A drone attack on a major Russian oil refinery highlights the growing risk to global energy supplies from targeted strikes on critical infrastructure.
A drone attack on a major Russian oil refinery highlights the growing risk to global energy supplies from targeted strikes on critical infrastructure.

A Ukrainian drone attack has halted operations at Rosneft’s Syzran oil refinery, taking 170,000 barrels per day of processing capacity offline and underscoring the vulnerability of Russia’s energy infrastructure. The May 21 strike damaged the plant's primary crude distillation unit, which could take more than a month to repair, according to industry sources.
The business of predicting geopolitical risk is itself risky, with many firms failing to anticipate major disruptions. “You have to model your business plan around the worst risks actually being much more likely than you thought,” said Sarah Kaplan, a professor at the Rotman School of Management, commenting on the difficulty of forecasting events in the current global climate.
The attack forced the shutdown of the CDU-6 crude distillation unit, which accounts for over 70% of the plant's 8.5 million metric-ton annual capacity, sources told Reuters. In 2024, the refinery processed 4.3 million tons of crude, producing 1.5 million tons of diesel and 800,000 tons of gasoline. The loss of this output will add pressure to domestic Russian fuel markets and could have knock-on effects on global diesel prices if the outage is prolonged.
The incident is the latest in a series of targeted attacks on Russian energy facilities, representing a significant supply-side shock that complicates the calculus for global oil markets. For corporations and boards, it’s a stark reminder of the need to integrate geopolitical risk into their strategic planning. As Siemens executive Khalil Dindarian notes, companies must “learn quickly and adapt quickly” in an environment where crises can compound, creating exponential uncertainty.

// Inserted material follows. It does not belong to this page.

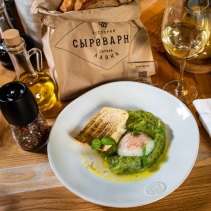 Судак в винном соусе с яйцом пашот и картофельным пюре на молоке и сливочном масле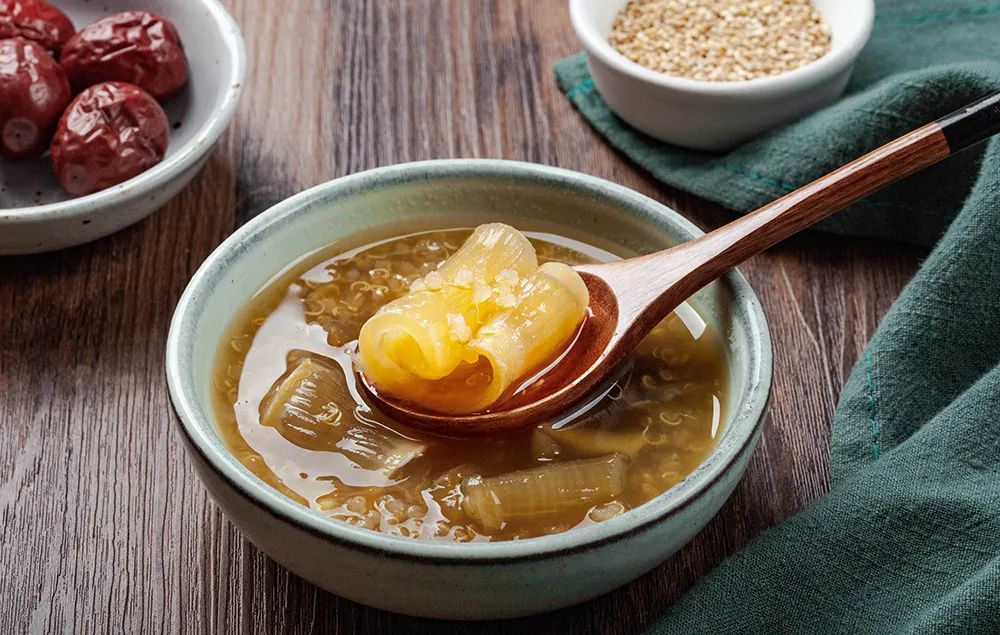 传统医学上对花胶是非常推崇的,在广东潮汕,每家每户都会为出嫁的女儿准备花胶,用于孕期产后进补,因为花胶有助于补肾益精,可以止血补血、伤口愈合、分泌乳汁。体质虚弱又想要生下健康的宝宝,很建议用花胶来补气血。

The strike on the Syzran refinery is part of a broader trend where non-state and state actors are increasingly targeting critical economic infrastructure. This shift is forcing a reassessment of risk management, moving it from a purely defensive, linear process to a more dynamic and adaptive one. “Traditional risk management is built on linear processes,” Dindarian argues, but in a world of cascading crises, “you have to accept uncertainty as part of every decision.”
This new reality has spurred a boom in geopolitical crisis consulting, with firms like Crisis24, a division of GardaWorld, partnering with data-analytics giants like Palantir to offer clients “actionable foresight.” Yet, even sophisticated AI-driven models can miss the mark. Crisis24’s own 2026 forecast, for instance, deemed a blockage of the Strait of Hormuz an “unlikely worst-case,” a scenario that has since unfolded. This highlights the challenge of modeling risk when unpredictable actors are involved. The attacks on Russian refineries show that previously unthinkable scenarios are now part of the standard operational landscape, forcing the energy industry and its insurers to price in a new, higher level of geopolitical risk.
This article is for informational purposes only and does not constitute investment advice.